Джек вошел в зал суда и остановился у дверей, чтобы осмотреться. На первый взгляд все было таким же, как и вчера, если не считать, что свидетельское место теперь занимал Крэг. Действующие лица были все те же, и вели они себя точно так же. Неподвижно сидевшие присяжные были похожи на деревянных болванчиков. Белой вороной среди них был лишь водопроводчик, который опять рассматривал свои ногти. Судья, как и накануне, изучал лежащие на столе бумаги, а зрители напротив внимательно слушали показания.
Джек увидел Алексис. Сестра занимала свое обычное место. Пространство рядом с ней оставалось свободным. Видимо, она держала его для Джека. На противоположной стороне зрительской галереи, на месте, где обычно находился Франко, восседал Антонио. Он был уменьшенной копией Франко, но более симпатичной. Одет в униформу команды Фазано — серый костюм, черная рубашка и черный галстук. Хотя Джек был уверен, что Франко на несколько дней выпал из игры, его волновал Антонио.

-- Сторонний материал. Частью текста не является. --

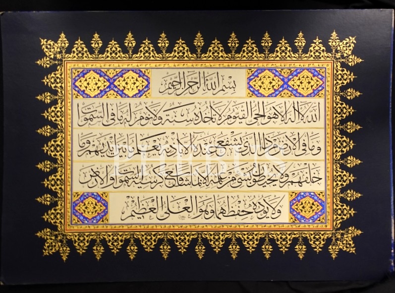 Sülüs Ayete'l-Kürsi levhası, tezhipli, Hayri ketebeli, 70x100 cm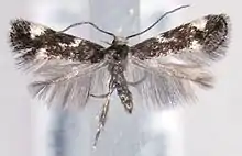 The wingspan is 8–9 millimetres (0.31–0.35 in).[1] The head is white with a conspicuously whitish forehead. Forewings are blackish ; a somewhat oblique fascia before middle, sometimes interrupted, a tornal spot, and a rather larger triangular costal spot beyond it white. Hindwings dark grey.The larva is yellow-whitish; head pale brown; 2 with three rows of brown dots.[2]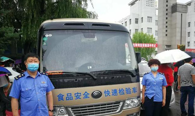 由于疫情情况推迟了一个月,一年一度的高考7月7日开始这几天举行。全力做好高考重大活动保障工作,切实保障高考期间师生饮食安全要做好食品安全保障工作,确保学生吃的放心、吃的安心。食品检测车开进校园高考考点。对食品流通、餐饮、学校食堂及考区进行检查。食堂从原料采购、粗加工、切配、面食制作、烹调、备餐、分餐、餐用具的清洗消毒环节全程把关,提前介入、风险防控。2020年高考是比较特殊的一年,学校考点就餐人数多,疫情还没结束处于疫情防控期间。这样对食品安全的要求更高了。食品检测车的高效高质量检测确保高考期间饮食安全。

Извинившись за беспокойство, Джек направился к Алексис. Увидев его, Алексис нервно улыбнулась. Джек воспринял эту улыбку как неблагоприятный знак. Алексис убрала со скамьи свои вещи, чтобы Джек мог сесть. Джек ободряюще коснулся ее руки.
— Как идут дела? — наклонившись, спросил он шепотом.

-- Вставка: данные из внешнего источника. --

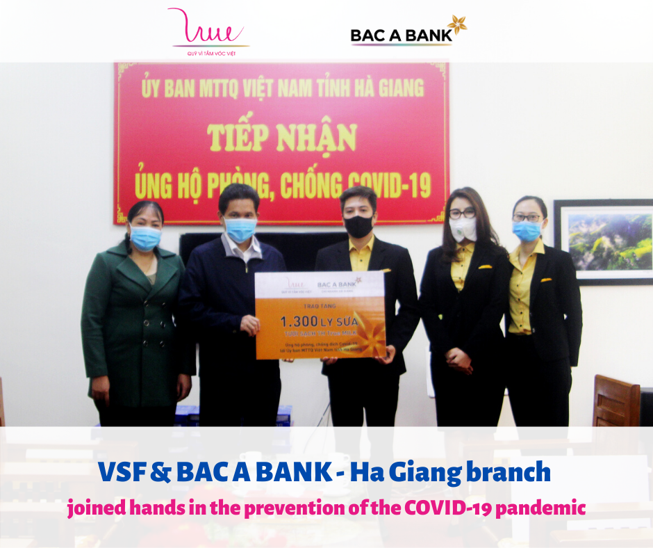- Delivering 1,300 glasses of fresh milk to the Vietnam Fatherland Front Committee of Ha Giang province to support the prevention and control of Covid-19 pandemic in the province; the fund mobilized from BAC A BANK - Ha Giang branch.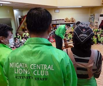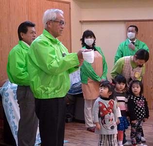 L.斎藤とL.羽賀が園児と共に杵を下ろす。お礼の楽器演奏の後、全員でつきたてを頂いた。 参加は、茨木幹事・熊谷会計・馬場第一副会長・渡部第二副会長・L.伊藤・L.羽賀・L.斎藤・L.白井・L.和田の9名

— Значительно лучше, после того как Рэндольф начал перекрестный допрос.
— А что произошло во время прямого, который вел Тони Фазано?
Алексис взглянула на Джека, и по ее взгляду он понял, что сестра очень переживает. Мышцы ее лица напряглись, а скулы порозовели.
— Неужели так плохо? — спросил Джек.
— Это было ужасно, — прошептала Алексис. — В пользу Крэга говорило лишь то, что все его слова соответствовали предварительным письменным показаниям. Себе он, во всяком случае, не противоречил.
— Неужели после всех этих репетиций он все-таки не сдержался?
— Уже через час он пришел в дикую ярость, и с этого момента все пошло кувырком. Тони знает кнопки, на которые следует нажимать. И он, поверь, нажал на все. Дошло до того, что Крэг заявил, что Тони не имеет права критиковать и допрашивать докторов, которые ради своих пациентов жертвуют жизнью. После этого Крэг назвал Тони жалким типом, гоняющимся за умирающими людьми.
— Плохо, — сказал Джек. — Даже если это и правда.
— Потом стало еще хуже, — с нажимом произнесла Алексис, повысив голос.
— Простите, — произнес голос за спиной Джека, и кто-то прикоснулся к его плечу. — Мы хотим послушать показания.
— Это вы нас простите, — ответил Джек и, склонившись к сестре, прошептал: — Ты не хочешь выйти, чтобы поговорить?
Алексис утвердительно кивнула.
Они поднялись со скамьи. Алексис собрала вещи и стала пробираться вслед за Джеком к центральному проходу. Джек открыл массивную дверь зала, стараясь не шуметь. Пройдя на лифтовую площадку, они уселись на обитую кожей скамью.
— Убей меня, но я не понимаю удовольствия, которое получают все эти бездельники, наблюдая за треклятым процессом.